In 1869 the Grande Loge des Cinq Nations Réunies made its debut in the immense Béthune theatre. The performances were according to the review as varied as they were brilliant, executed by a large number of performers with remarkable skill, and earned well-deserved applause. Highlighted are Mr. Louis on "la mappemonde" and "la colonne du Temple de Jérusalem", where Mustapha stacked ten persons on his shoulders. The review concludes with: "We wish Mr. Bracco, the intelligent director, excellent receipts. Lovers of good entertainment will wish to attend the performances of this fine troupe".

A newspaper report from 1873 noted that the public showed particular enthusiasm for the Troupe des Arabes of Bracco and Mustapha, with the crowd flocking in large numbers every evening. The review praised the daring fantasias of the Arab, Touareg and Kabyle performers and highlighted the company's varied programme of acrobatics, comic interludes and pantomimes featuring a highly acclaimed Pierrot.

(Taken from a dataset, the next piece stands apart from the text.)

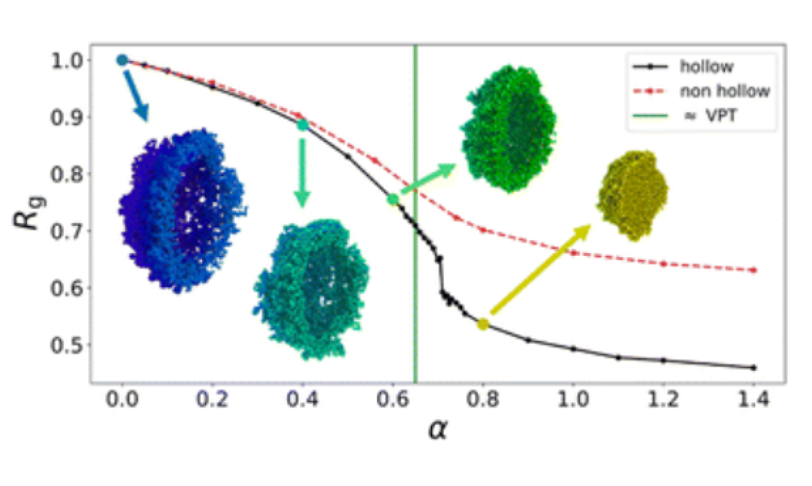 (Fig.) Radius of gyration as a function of effective temperature parameter (alpha) for hollow and non-hollow microgels. The Volume Phase Transition (VPT) is indicated by the green line.

An announcement from February 1877 states the Troupe des Arabes will return to the venue Théâtre de Troyes with a new and varied show, and being fondly remembered by the public. It says "the most astonishing feats and the most remarkable displays of skill are mere playthings for these first-rate equestrians, balance artists, and gymnasts". Highlights mentioned are Saïd Mahomet 'le saut de poignards and Mustapha's carrying of the troupe. The author mentions he visited the performers of the Céleste-Empire and wonders if the troupe might surpass them.

A contemporary review from march 1877 praised the Grande Troupe Arabes acrobatic leaps, strength and agility, presenting its performers as archetypal men of the desert and emphasizing their North African image.

In april 1877 a journalist visits the fair where La Troupe Arabe is playing and describes in detail what he experienced. Mustapha is singled out as the revered leader. He then wonders why the stage manager of the troupe is dressed as a Breton peasant and not Kabyle or Touareg. The described astonishing Breton is asking the honourable audience to applaud the Arab troupe enthusiastically and to cry "Bravo!" after every act. The author writes he implores the spectators not to be stingy with their applause, for the Arab performers become inspired by the stamping and cheering of the crowd and repay its admiration with extraordinary feats. He then goes on to mark Saïd Mohamet's act as the most notable one. He also mentions the Kabyle performers then beginning an impressive series of somersaults—forward, backward, to the left and to the right. They are all described as astonishingly supple, and admires their agility and strength. Shortly memtioned are the Italian performers. The show concluded with Mustapha, carrying nine performers on his shoulders, and is described parading across the stage with the ease of a gentleman taking a stroll.

In 1883, Le Lez describes the success of the Troupe Arabe as continuing unabated.

A contemporary press report in Le L'Avenir du Tarn from 1884 noted the growing success of the Théâtre Arabe under Bracco and Mustapha and describes how the astonishing performances of these foreign artists are greatly admired by connoisseurs.